The draft digital-rights management specifications will take between 12 and 18 months to complete, but in the meantime companies can still use them in products, Sun says.

Laurie Sullivan, Contributor

February 10, 2006

2 Min Read

Sun Microsystems Inc. will publish open-source technical drafts for conditional access specifications (CAS) and digital rights management (DRM) within the next 10 days, the company said Friday.

The open-source project is under Sun's Open Media Commons (OMS) initiative to license content to individuals rather than machines, such as cellular phones, MP3 players, PCs and set-top boxes. "The specifications need more work before they can ship, but there are many startups that would have shipped them a long time ago," said Tom Jacobs, director of research at Sun Labs, and project lead for Open Media Commons. "We think it will take between 12 and 18 months to complete, but in reality we will have specs in which independent companies can either modify existing products or build new ones before the end of the year."

Then in March, Sun will hold a developers conference for those contributing to the technical specification to talk about release dates.

The event will give developers a forum to ask questions, get clarification, and propose new directions and ideas.
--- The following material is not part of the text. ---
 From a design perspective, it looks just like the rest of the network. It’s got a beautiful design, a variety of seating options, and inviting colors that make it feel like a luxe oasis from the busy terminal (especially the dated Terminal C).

Sun also will lead discussions on contributing to the project, as well as provide an opportunity for companies to state their plans. A time table for code integration will be announced, too.
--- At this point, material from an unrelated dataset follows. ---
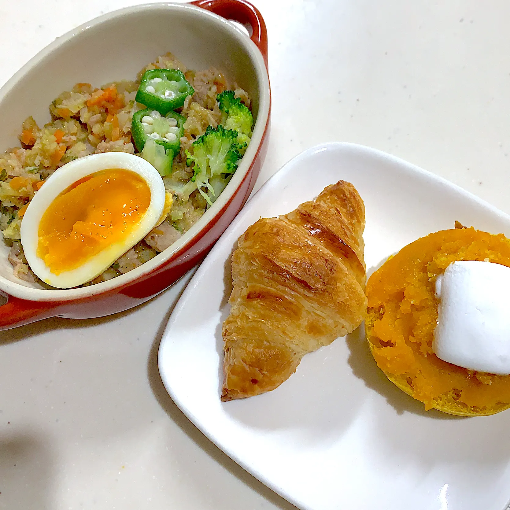 かぼちゃパン半分にパルメザンチーズ混ぜかぼちゃ盛り

Sun established the project within its Open Media Commons initiative in August 2005 to develop specifications for open-source and royalty-free codec and digital content. The CAS and DRM specifications are developed within Sun's DReaM Project, which is released under the open-source Common Development and Distribution License (CDDL).

Open Media Commons also aims to create an open environment where creators, content owners, consumers, network operators, technology providers and consumer electronics device manufacturers can work together to address the technical problems associated with DRM.
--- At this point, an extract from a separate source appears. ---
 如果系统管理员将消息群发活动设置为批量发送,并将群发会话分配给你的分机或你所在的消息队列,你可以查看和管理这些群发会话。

The technical specifications will cover a range of content from Internet protocol television to video and music downloaded on a PC or mobile phone to corporate spreadsheets and white papers.

Industries where Sun's DRM project applies includes corporate, education, government, healthcare, and others where there is a need for privacy. The ability for companies to protect presentations and documents are as important as protecting an individual's radiology records and health profile, Jacobs said. "Your doctor could access the information required without letting the orderly look up private information," he said. "Today, that is totally wide open and not secure."

Different licensing policies will apply for each media. "If someone got terminated from my company tomorrow, it would be easy for me to revoke your rights to the presentations and documents that are spinning on their notebook computer," Jacobs said. "Once documents get out and you don't have a tie back to licensing authority how do you make those documents disappear?"